Aim of the task: Below are the entries. Print only the lines starting at the one with "9月25日,黄金股票ETF(159321" and ending at the one with "6把剂子放入芝麻里,使外表都裹上一层芝麻", exactly, with no pictures.

Dataset:
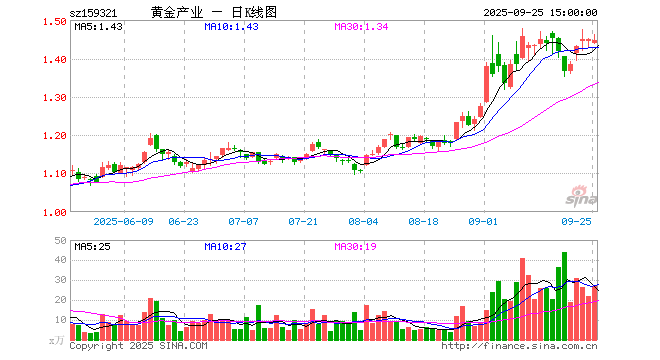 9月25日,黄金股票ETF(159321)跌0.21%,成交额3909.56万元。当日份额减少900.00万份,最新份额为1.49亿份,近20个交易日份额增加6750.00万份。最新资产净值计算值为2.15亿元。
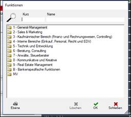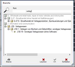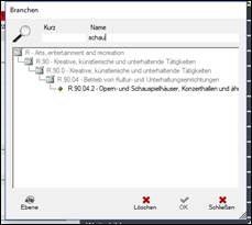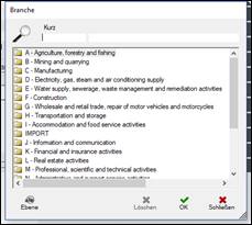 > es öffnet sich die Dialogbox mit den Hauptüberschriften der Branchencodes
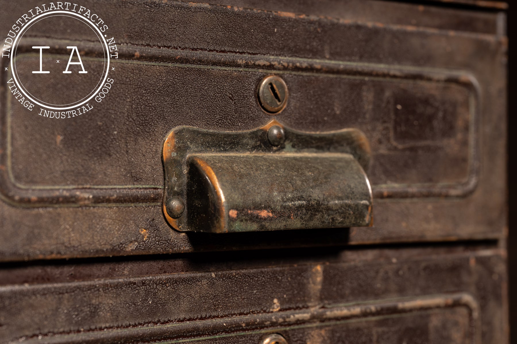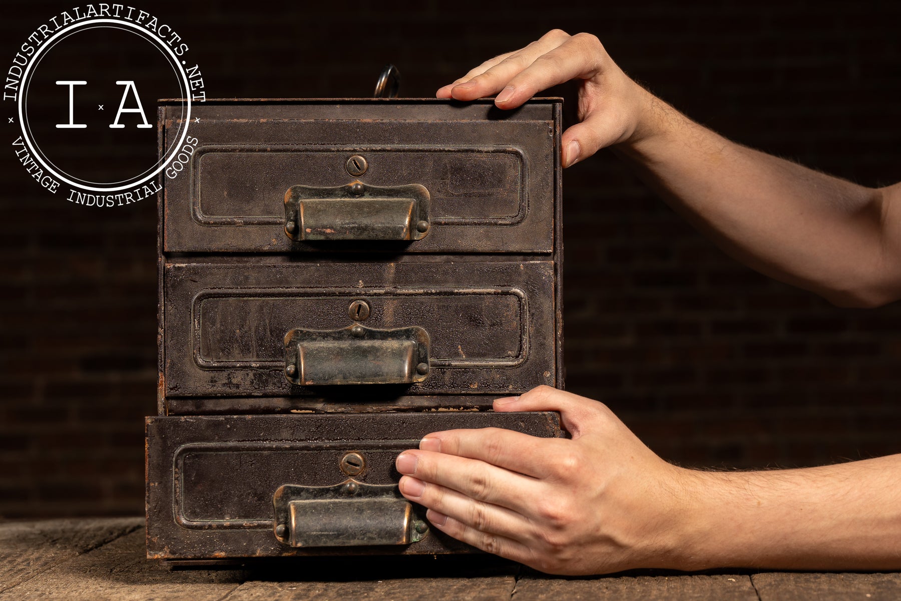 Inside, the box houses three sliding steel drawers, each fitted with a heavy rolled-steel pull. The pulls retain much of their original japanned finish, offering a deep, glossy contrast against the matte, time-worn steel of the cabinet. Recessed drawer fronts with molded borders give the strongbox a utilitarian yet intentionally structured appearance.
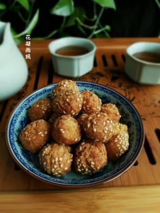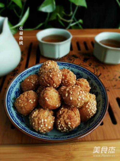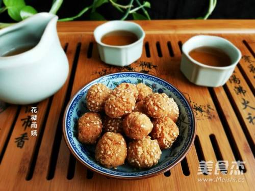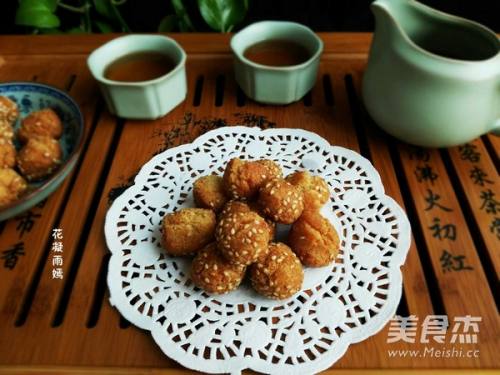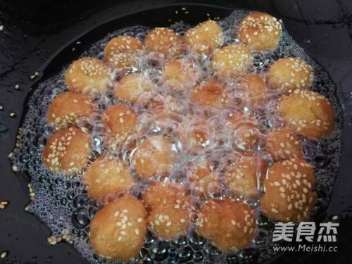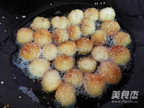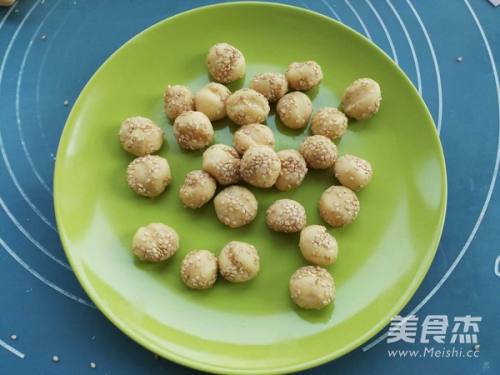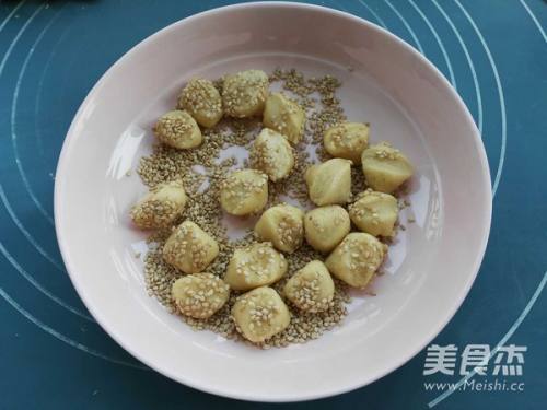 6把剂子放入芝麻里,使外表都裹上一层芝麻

---

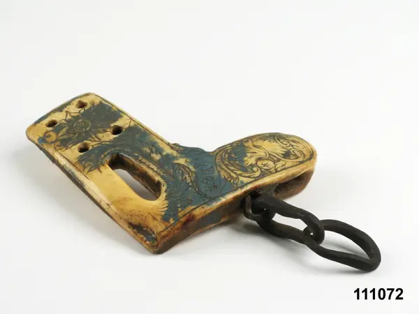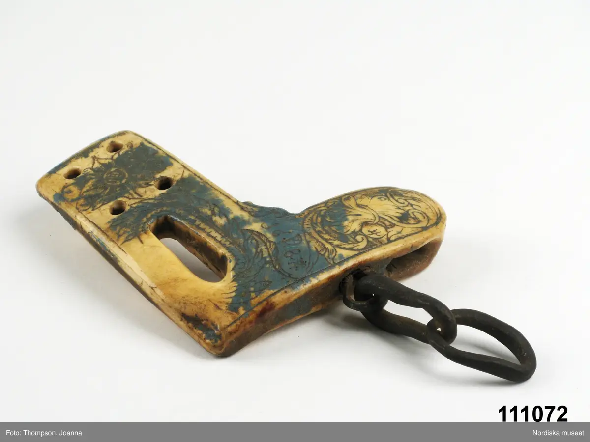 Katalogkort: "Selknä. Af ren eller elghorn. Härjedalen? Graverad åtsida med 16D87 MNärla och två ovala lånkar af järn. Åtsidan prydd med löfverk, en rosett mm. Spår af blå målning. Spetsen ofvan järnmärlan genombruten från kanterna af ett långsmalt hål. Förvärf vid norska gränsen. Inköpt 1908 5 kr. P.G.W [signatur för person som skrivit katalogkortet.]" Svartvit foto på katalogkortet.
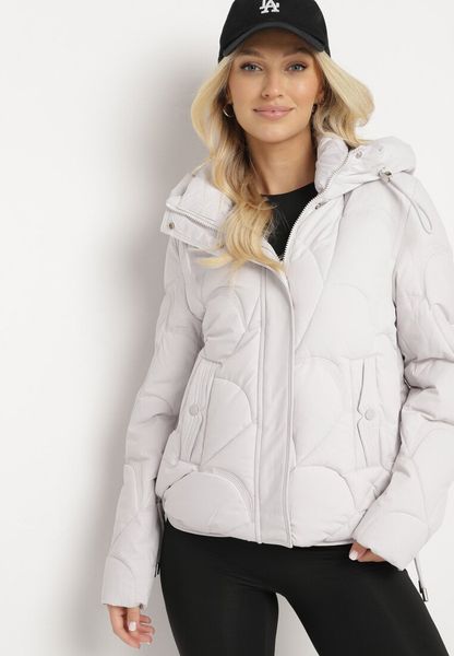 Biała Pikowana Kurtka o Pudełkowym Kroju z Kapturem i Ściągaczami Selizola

Solved exercise:
 9月25日,黄金股票ETF(159321)跌0.21%,成交额3909.56万元。当日份额减少900.00万份,最新份额为1.49亿份,近20个交易日份额增加6750.00万份。最新资产净值计算值为2.15亿元。
 > es öffnet sich die Dialogbox mit den Hauptüberschriften der Branchencodes
 Inside, the box houses three sliding steel drawers, each fitted with a heavy rolled-steel pull. The pulls retain much of their original japanned finish, offering a deep, glossy contrast against the matte, time-worn steel of the cabinet. Recessed drawer fronts with molded borders give the strongbox a utilitarian yet intentionally structured appearance.
 6把剂子放入芝麻里,使外表都裹上一层芝麻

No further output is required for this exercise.